21. YHWH Nailgun - 45 Pounds
Experimental Industrial Math Rock21 March 2025
Spotify
Ok, so that band name? You’ve already got my attention, hello. But the music itself pinned me to the wall from two different angles at once. The first is an intentional mess of noise backed by solid drumming that is out for blood. But secondly, it’s also vulnerable and mellow in its own misunderstood way, perhaps only attacking because it’s more scared of us. This coexistence appeals to both sides of my brain, and then meets in the middle to split my skull apart, proving that within 20 minutes, you can do a lot, or even way too much. It’s an obvious 2025 winner, one which is so unique that nothing else has the stamina to challenge it within the same arena.
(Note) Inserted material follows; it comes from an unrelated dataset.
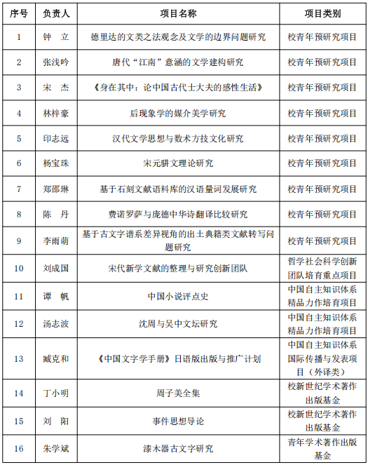 2025年度获得各类校级项目16项

20. Sadness / abriction - That Lasts Forever
Shoegaze Emo8 July 2025
Bandcamp
"This is an EP," they'll tell you, before playing 1 hour and 15 minutes of music, lol. It's also a split project, but Sadness dominate the runtime substantially, which works for me, because that's the artist I know better out of the two. However, if I came for Sadness, I definitely stayed for Abriction, these two as a coherent sonic match, each pulling their weight. And by pulling their weight, I mean more weightless, as the soaring vocals swoop down and scoop me up up up, impossibly uplifting, to the point that I could honestly be leaving the ground. Of course, with songs clocking in at 10, 12, 14 minutes a piece, a little dawdling is unavoidable, but it never quite loses me thanks to emotional suckerpunches of some of the coolest screams in the game. It's hard to think of any bands nailing this type of euphoric rollercoaster as passionately, especially when talking about Sadness, and I just want to hug the whole thing.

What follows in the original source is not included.